DATA FOR ANALYSIS

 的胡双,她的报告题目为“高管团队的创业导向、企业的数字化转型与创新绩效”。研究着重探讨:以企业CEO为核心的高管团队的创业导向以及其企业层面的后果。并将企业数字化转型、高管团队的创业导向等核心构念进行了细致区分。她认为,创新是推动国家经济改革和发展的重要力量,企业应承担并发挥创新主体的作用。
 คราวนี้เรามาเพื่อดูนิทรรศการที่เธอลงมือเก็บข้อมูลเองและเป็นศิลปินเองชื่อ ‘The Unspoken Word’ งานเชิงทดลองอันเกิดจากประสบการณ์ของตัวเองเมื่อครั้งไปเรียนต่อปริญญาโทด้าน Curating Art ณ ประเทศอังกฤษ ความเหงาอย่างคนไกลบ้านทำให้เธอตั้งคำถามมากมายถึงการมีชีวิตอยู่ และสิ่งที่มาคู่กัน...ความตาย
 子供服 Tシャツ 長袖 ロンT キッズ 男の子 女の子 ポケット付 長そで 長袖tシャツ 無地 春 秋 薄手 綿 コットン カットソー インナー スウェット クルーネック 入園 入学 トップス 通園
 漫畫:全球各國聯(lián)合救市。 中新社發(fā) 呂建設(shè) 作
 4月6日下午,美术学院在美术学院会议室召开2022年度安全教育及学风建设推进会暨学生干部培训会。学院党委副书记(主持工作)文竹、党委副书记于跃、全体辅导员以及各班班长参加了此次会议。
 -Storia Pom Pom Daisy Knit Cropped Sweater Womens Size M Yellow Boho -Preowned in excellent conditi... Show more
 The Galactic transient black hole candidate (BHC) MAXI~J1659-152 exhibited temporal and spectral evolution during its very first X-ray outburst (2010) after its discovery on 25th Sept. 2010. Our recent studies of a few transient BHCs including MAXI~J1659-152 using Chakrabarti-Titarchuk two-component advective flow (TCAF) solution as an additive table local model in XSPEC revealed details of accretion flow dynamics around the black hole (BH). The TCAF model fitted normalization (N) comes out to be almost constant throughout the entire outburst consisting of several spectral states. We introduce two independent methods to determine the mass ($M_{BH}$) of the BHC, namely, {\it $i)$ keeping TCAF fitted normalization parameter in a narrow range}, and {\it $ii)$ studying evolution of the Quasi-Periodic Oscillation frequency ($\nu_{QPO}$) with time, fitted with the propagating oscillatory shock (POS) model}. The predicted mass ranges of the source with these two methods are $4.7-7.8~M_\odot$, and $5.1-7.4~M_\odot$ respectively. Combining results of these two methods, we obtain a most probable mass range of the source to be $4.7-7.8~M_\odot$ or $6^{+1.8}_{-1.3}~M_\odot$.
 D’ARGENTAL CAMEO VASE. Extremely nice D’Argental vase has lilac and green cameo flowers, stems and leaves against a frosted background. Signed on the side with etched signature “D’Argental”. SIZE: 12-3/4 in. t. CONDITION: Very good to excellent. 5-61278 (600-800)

YOUR OBJECTIVE
Your answer must be a single number: how many lines of the records contain the word "excellent".

SOLVED PROBLEM
2